“Weeding out authentic waste, fraud, and abuse is a laudable goal, but to overlook hundreds of millions of dollars in lost federal funds, as the MHPC report does, reflects the priorities of the LePage administration—scoring partisan, ideological points at the expense of Maine taxpayers, Maine’s economy, and Maine families, seniors, children and others at risk.”
Commenting on the release of the 2016 edition of Maine Heritage Policy Center’s (MHPC) Piglet Book, CEO Matt Gagnon declared that wasteful government spending is not a partisan issue. Yet the publication itself reads like a menu of Governor LePage’s favorite targets, including House Speaker Mark Eves and Attorney General Janet Mills. It also hones in on petty expenditures by government employees —food, bottled water, transportation—as examples of “pork spending,” but these represent just a tiny fraction of the state’s annual year budget.
On the other hand, as the Portland Press Herald noted:
“Missing from the Maine Heritage Policy Report, however, is any mention of the LePage administration’s decision to hire The Alexander Group for $925,000 to review the state’s welfare programs. The Alexander Group’s work was later discredited after it was discovered that the report contained numerous passages that were lifted from other published reports with limited or no attribution.”
No one wants public money wasted or spent inefficiently, but in its campaign against progressive government initiatives in support of working families, seniors, children, the disabled, and other Mainers at risk, MHPC overlooks missed opportunities in recent years to secure federal funds Congress has made available to the state. As MHPC noted it its report, federal dollars account for more than one-third of state expenditure. Every dollar of federal money the state receives works to boost our economy—in much the same way as the money out-of-state visitors spend. This is increasingly important as Maine faces potential population decline in the coming years.

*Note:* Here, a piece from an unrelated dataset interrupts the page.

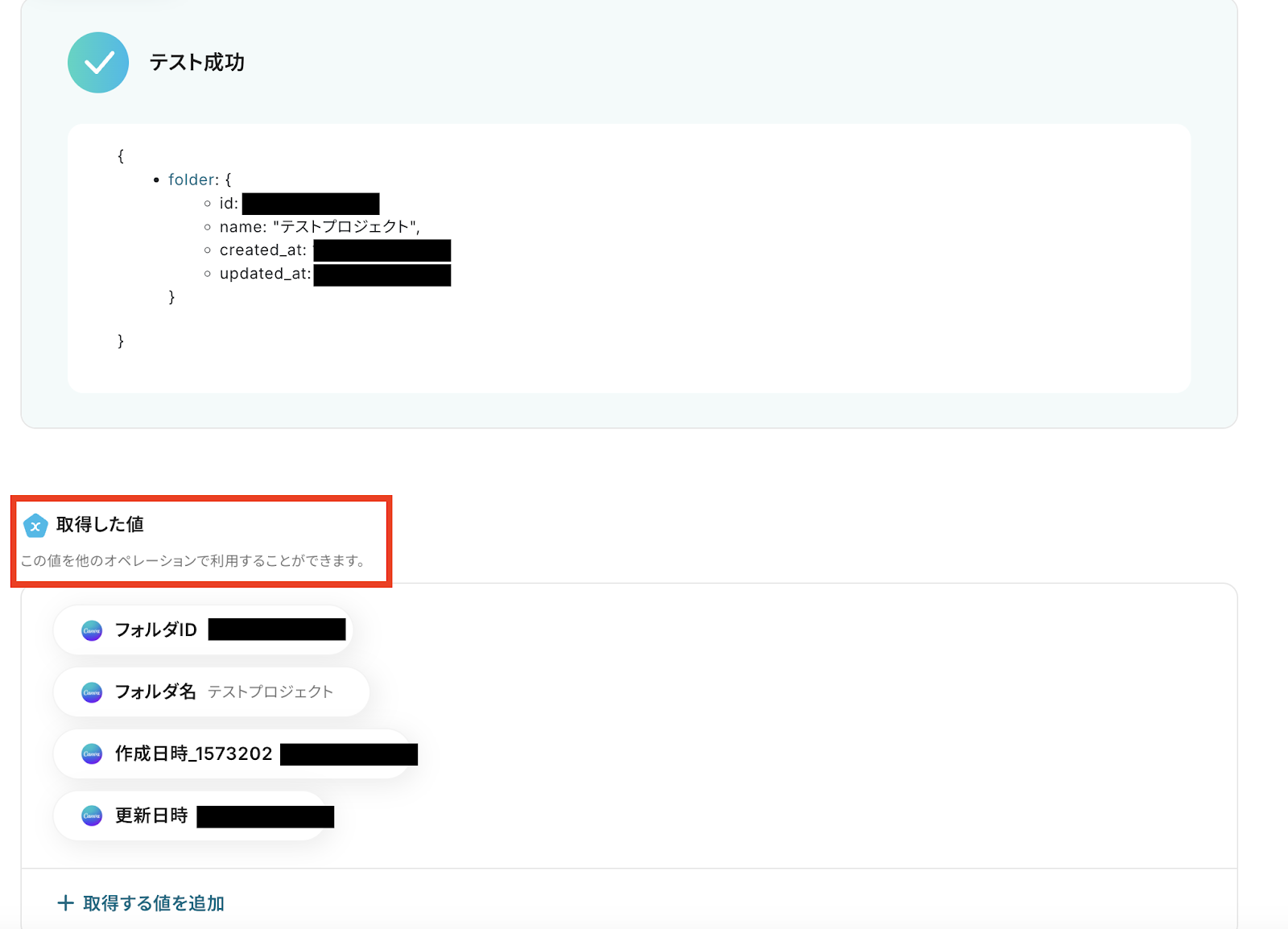 「テスト成功」と表示が出たら、アウトプット(取得した値)が取得されます。

The LePage administration has repeatedly turned down federal funds available to Maine. For example:
- In 2015, Maine declined to apply for Forest Legacy funding, worth an average of $3 million/year over the last 25 years.

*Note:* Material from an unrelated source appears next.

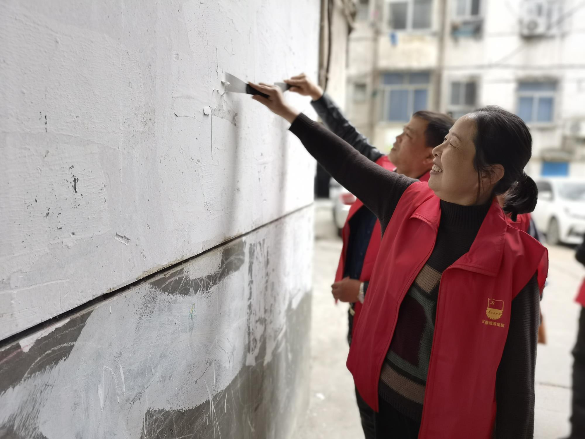 活動(dòng)第一階段,公司與社區(qū)黨員集中學(xué)習(xí)市委書記于秀明同志在全市第五次黨代會上的講話精神,交流思想、增進(jìn)了解,推動(dòng)國企和社區(qū)基層黨建工作的互促發(fā)展。學(xué)習(xí)交流結(jié)束后,與會黨員共赴黃頗社區(qū)十中校區(qū)附近的老舊小區(qū),對陳舊斑駁的小區(qū)過道、墻體進(jìn)行刷白維護(hù),清理墻體和樓道“牛皮癬”。

- In 2015, the state refused $2.5 million for Colorectal Cancer Control from the federal Centers for Disease Control and Prevention.

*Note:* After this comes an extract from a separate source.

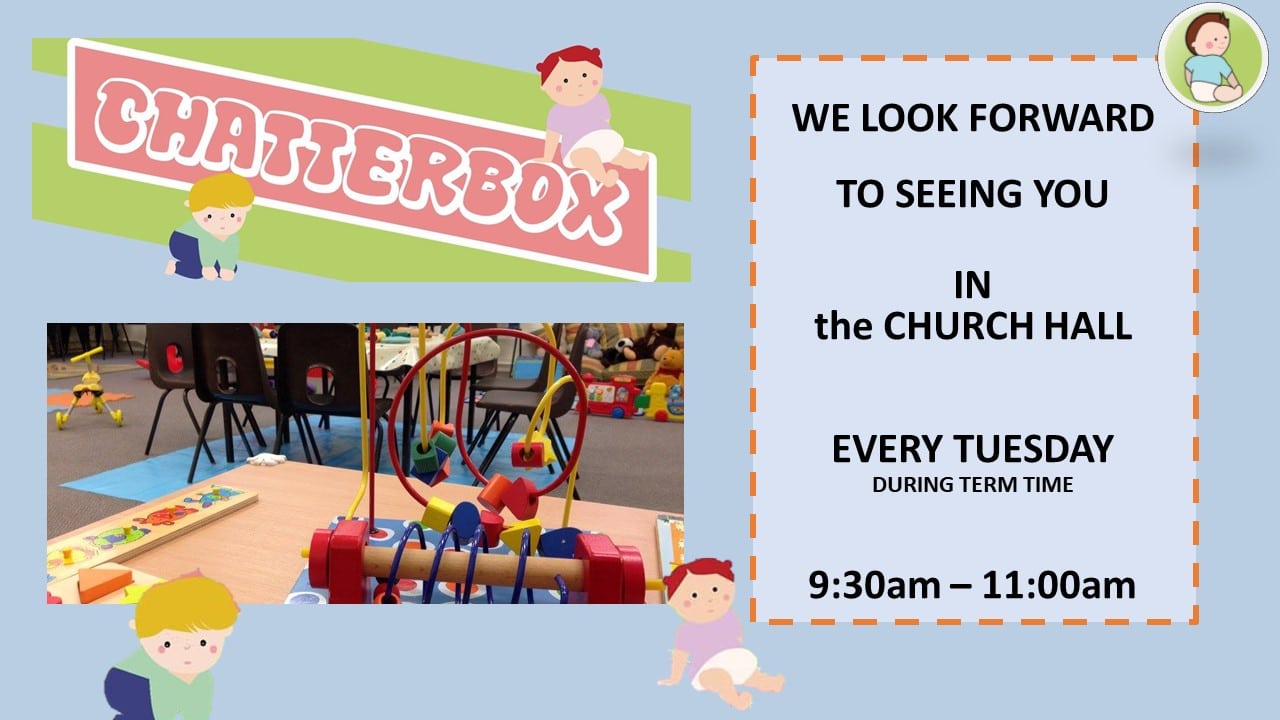 Chatterbox is held during term time, on Tuesday mornings between 9.45 and 11.30 in the hall at the back of the church.

Administration negligence and incompetence have also lost the state millions of dollars of federal funds.
Since 2013, mismanagement at the Riverview Psychiatric Hospital in Augusta has resulted in the loss of $20 million per year, made worse by the LePage administration’s failure to meet a deadline to appeal that decision. Both patients and taxpayers have suffered as a consequence.
A DHHS effort to crack down on welfare fraud led to long delays and inefficiencies in the Supplemental Nutritional Assistance Program (“food stamps”) resulting in the threat of losing $10.2 million per year in federal funding for the program. The state is paying DHHS workers overtime to fix the problem. The total annual compensation for fraud investigators at DHHS already amounts to $900,000. The amount of taxpayer money recovered through welfare fraud prosecutions? $1.2 million in 2015.
But the administration’s biggest missed opportunity is its continued rejection of federal funds for Maine to expand Medicaid access to nearly 70,000 uninsured Mainers , which has cost the state over $700 million since January 2014— a number that increases by $900,000 every day. And that doesn’t include hundreds of millions more in spending to boost the rest of the state economy, and the tens of millions of state tax revenues this spending would generate.
Describing state spending on travel reimbursement for employees as “waste” or blasting particular programs as “failures” are political statements. But losing out on federal money that brings extra dollars into our economy, generates additional spending, protects and creates thousands of jobs, and ultimately helps Mainers improve their health, quality of life, or simply get back on their feet is undeniably a mistake. Weeding out authentic waste, fraud, and abuse is a laudable goal, but to overlook hundreds of millions of dollars in lost federal funds, as the MHPC report does, reflects the priorities of the LePage administration—scoring partisan, ideological points at the expense of Maine taxpayers, Maine’s economy, and Maine families, seniors, children and others at risk.